Beijing should suggest that all rare earth imports come only from mines that comply with its laws and environmental standards, Pianporn told DW.
Shehe said, “If China is a leader on ‘ecological civilization’, it should work in a accountable and transparent manner.”
However, China’s reaction to Beijing Wood against its selfishness, because the global race thesis for the rare Earth is a conflict for the control of significant materials.
The way it goes against the way of conducting foreign policy in an region like Southeast Asia, the lecturer, assistant professor MLA MLA Atmacharch said in the South East Asian study at the Thomasit University.
In bilateral behavior, China always emphasizes the principles of state sovereignty, in which Beijing emphasizes that it does not interfere with the affairs of any other country, including its environmental law.
For example, Beijing may say that it has no effect on rare-earth mining in Myanmar because the monitoring of environmental damage comes within the sovereign of Myanmar, nor China needs “to consider the problem for other downstream states,” Prikelark told DW.

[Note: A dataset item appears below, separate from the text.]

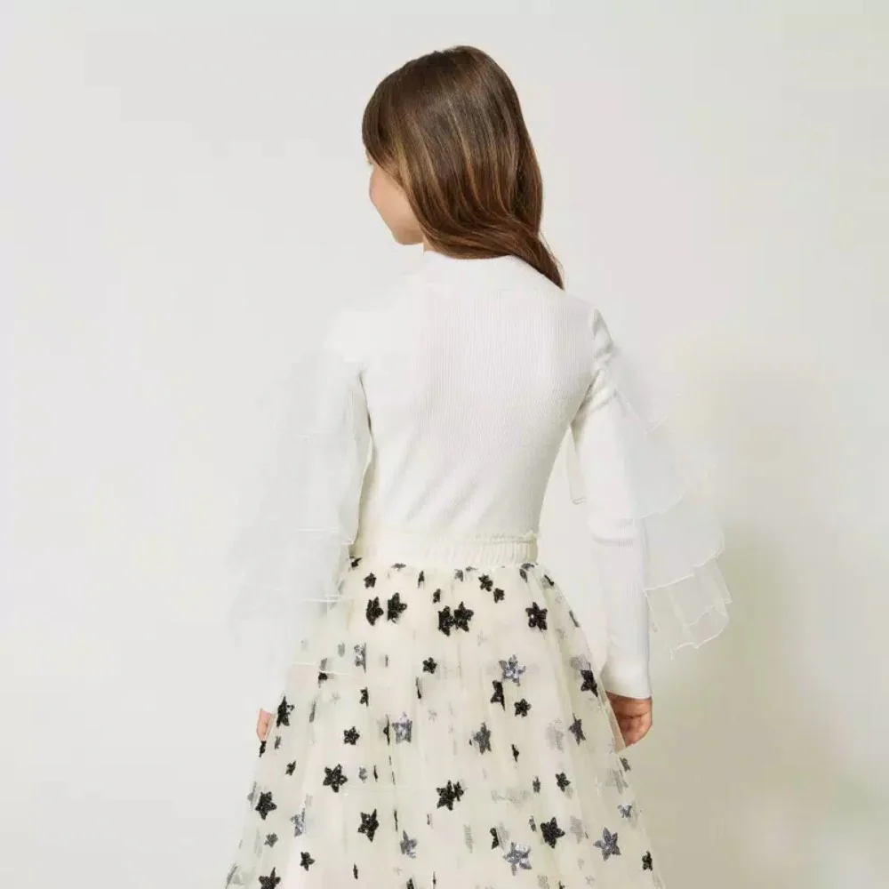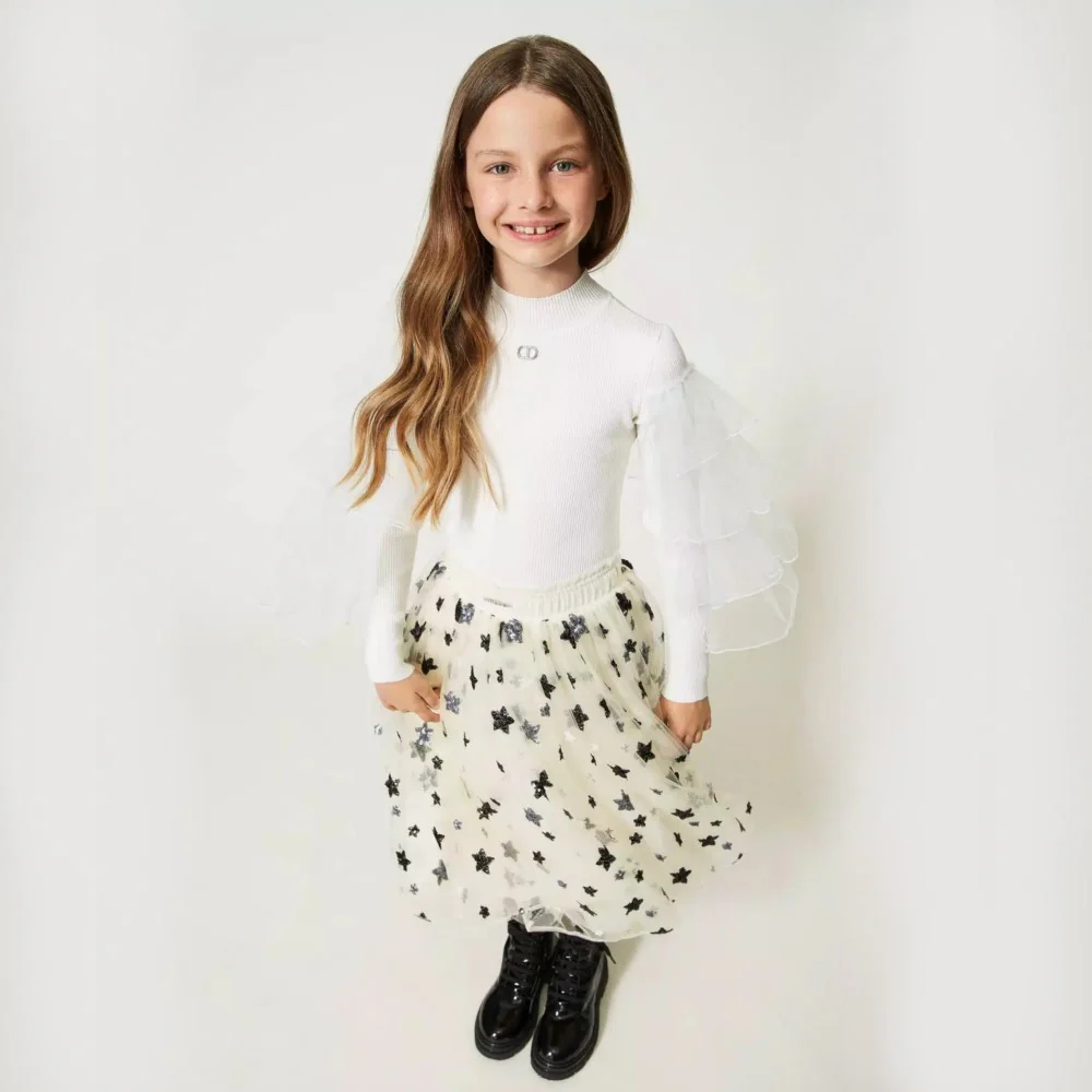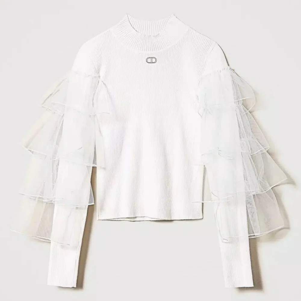 Maglioncino TWINSET a costine modello lupetto con balze in tulle alle maniche logo in metallo.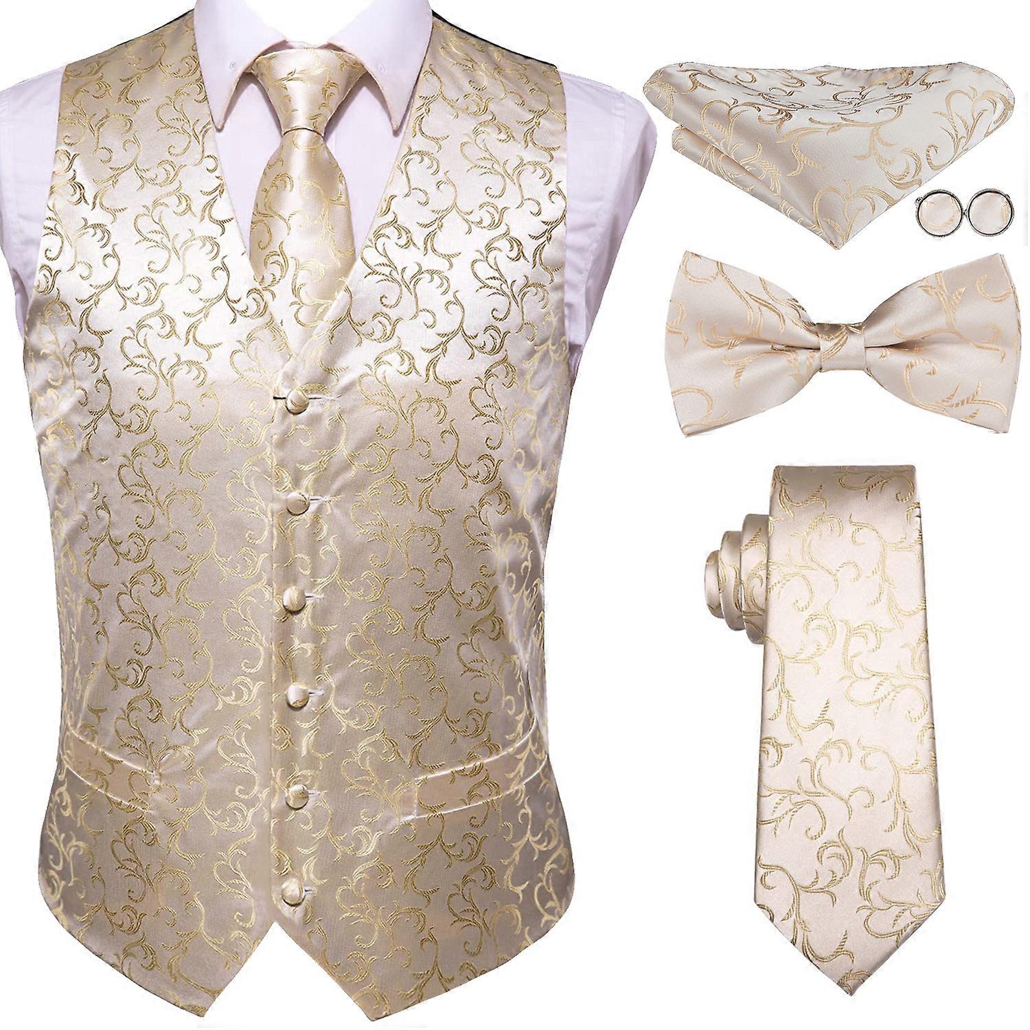 Hi-Tie Brand Silk Mens Vests Red Blue Green Gold Waistcoat Tie Bowtie Hanky Cufflinks Set Waist Jacket For Men Wedding Office

The rush of rare-earth is not limited to Myanmar. Laos has been identified at least 15 mines with tributaries of Mekong. Cambodia currently has a lack of active large -scale rare earth mines, but investigation continues.
Environmentalists are afraid of a regional chain response of pollution on Mekong.
Eler of the Stimson Center told DW, “The situation likes that it becomes better before it becomes.”
He said, “It is possible that the population of the entry river is contaminated, and the flooding, which is an agricultural production area for the world, is unusable for a long time,” he said.
For now, Mekong is still seen as one of the world’s great clean rivers. But experts fear that reputation may soon be lost.